The only thing missing in the current specification is a way to determine the native endianness of the machine the it is executing on, and you therefore need a small method to do it for you.
Float64Arrays are not implemented in Safari, DataViews are not implemented in Safari, Firefox or Opera. Typed Arrays are not supported at all in IE before version 10.
Numerical Library
The numerical library in Javascript (the Math module) is not only exceptionally sparse, it isn’t defined what it should do either. Math.sin(x) could return 4 and still follow the specification.
This makes coding to the specification impossible, and useless, since only the name of the function is defined, and a few edge cases. Four is a valid approximation of the value of sine, sin(x) = cos(x) - 1 is another valid approximation of sine that is legal but not very good. Or sin(x) = 1 - e^x which quickly becomes an extremely bad approximation.
The proposal for ES6 isn’t any better, since it does not include specifications either. The correct solution to the problem is probably that all operations should be correctly rounded (as in the IEEE 754-2008 specification) but OpenCL (see Chapter 7) provides relative error bounds, and that would be acceptable solution to the specification problem as well.
There are also some significant functions in IEEE 754-2008 that are not included in the current ES6 proposal, the most significant is the Fused Multiply-Add which is quite slow to emulate in software.

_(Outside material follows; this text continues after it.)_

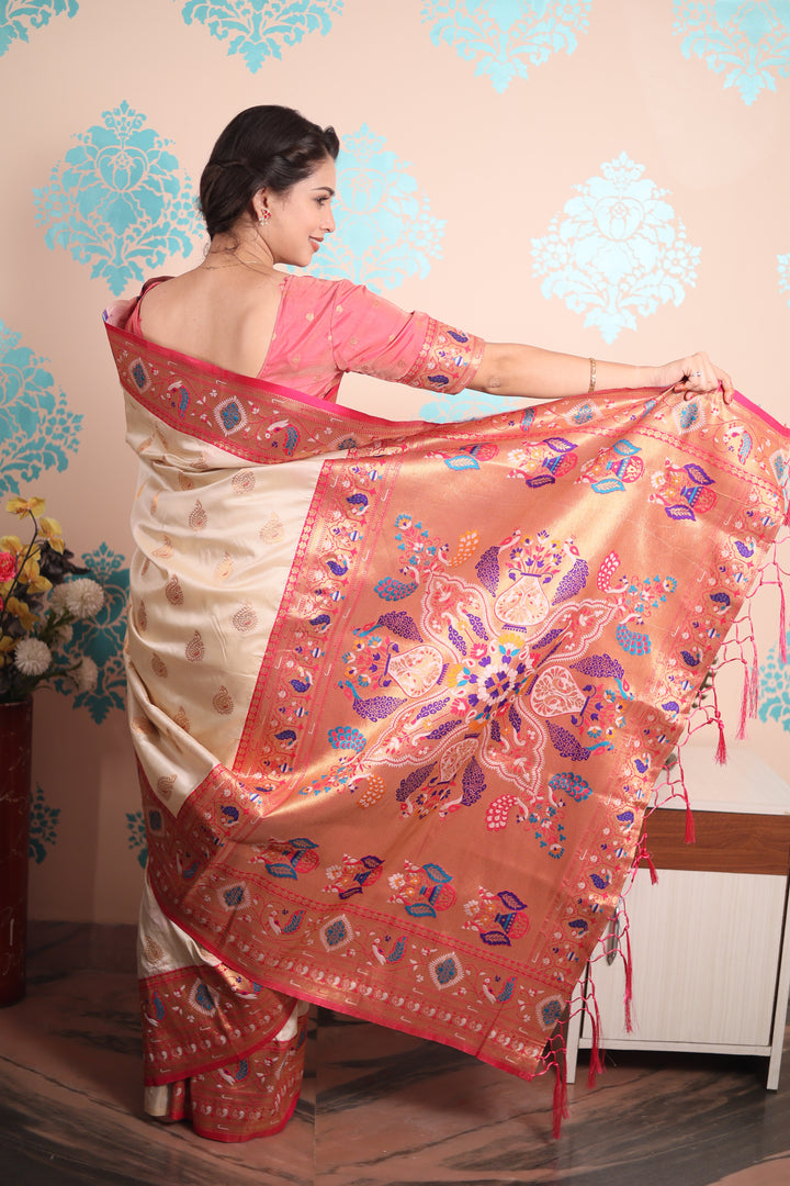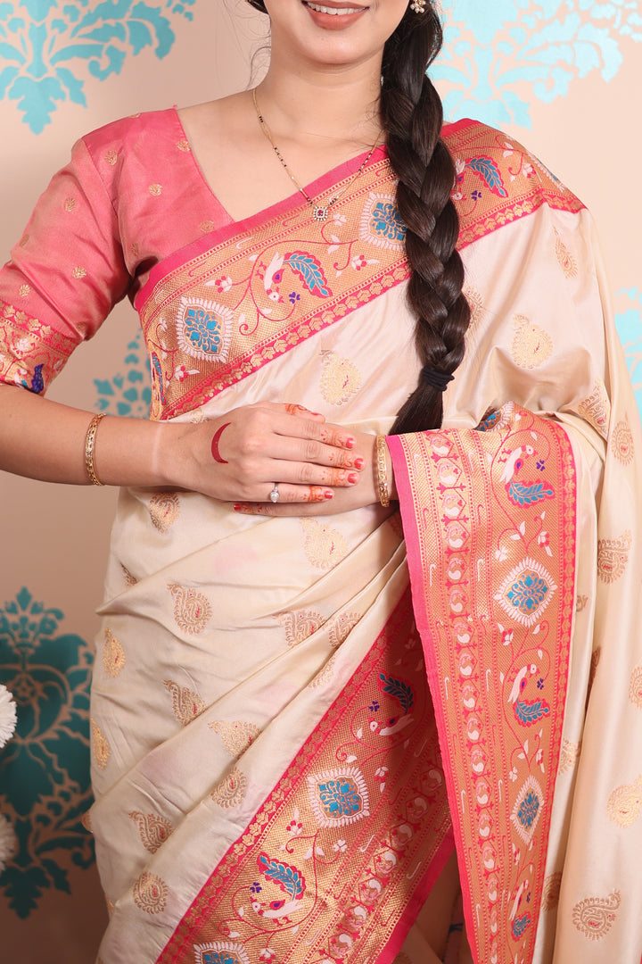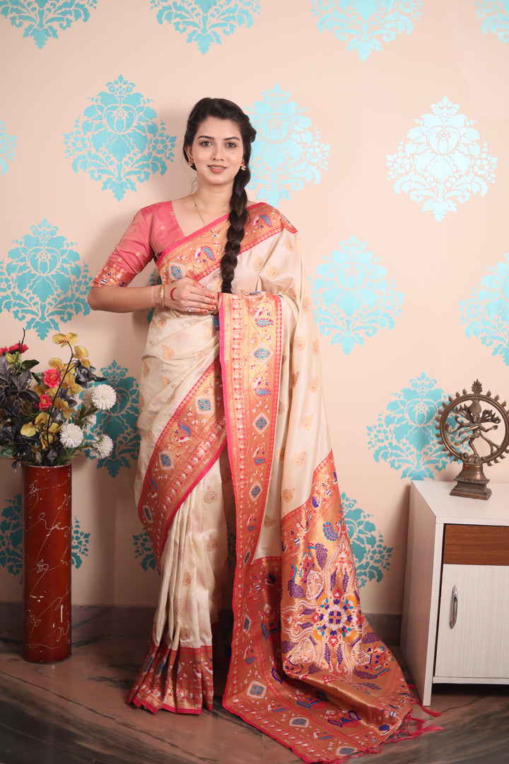 A royal and timeless saree known for its handwoven silk, peacock or lotus motifs, and rich zari borders. Often features vibrant colors with contrasting pallus. It's a symbol of grace and is traditionally worn at weddings and religious ceremonies.

OpenCL also provides a lot of useful functions that may be interesting to implement, especially for games and other applications that require geometry and colour operations. And if the new correctly rounded functions are too slow for embedded devices, or for specific applications, then adding native, fast, half (or single) versions of some of the functions could make sense. (see the OpenCL specification again)
This change would not really affect any applications, if anything, it would make the output of a Javascript application using the Math module a lot more predictable. It also does not introduce any new syntax, and should be easy to add.
Continuations
Adding continuations is more of a personal thing, I find them extremely useful in other languages, and I would find them extremely useful to handle the whole callback-inception that you usually get stuck in while coding Javascript.
It is a more controversial extension to the language since it actually involves syntax, but on the other hand, a reasonable Python-style implementation is already available in Spider Monkey (under the name generators), so any syntax changes is arguably already there.
Summary
I don’t really think that we need a lot of the syntax that people are proposing and while some are reasonable (blocks for example), I do not really feel that we really need them.
The same thing for classes and so on, we should be relatively restrictive about adding syntax, since it restricts our ability to extend syntax in the future. On the other hand, we can be relatively liberal when adding library functions that can be deprecated in later versions of the standard.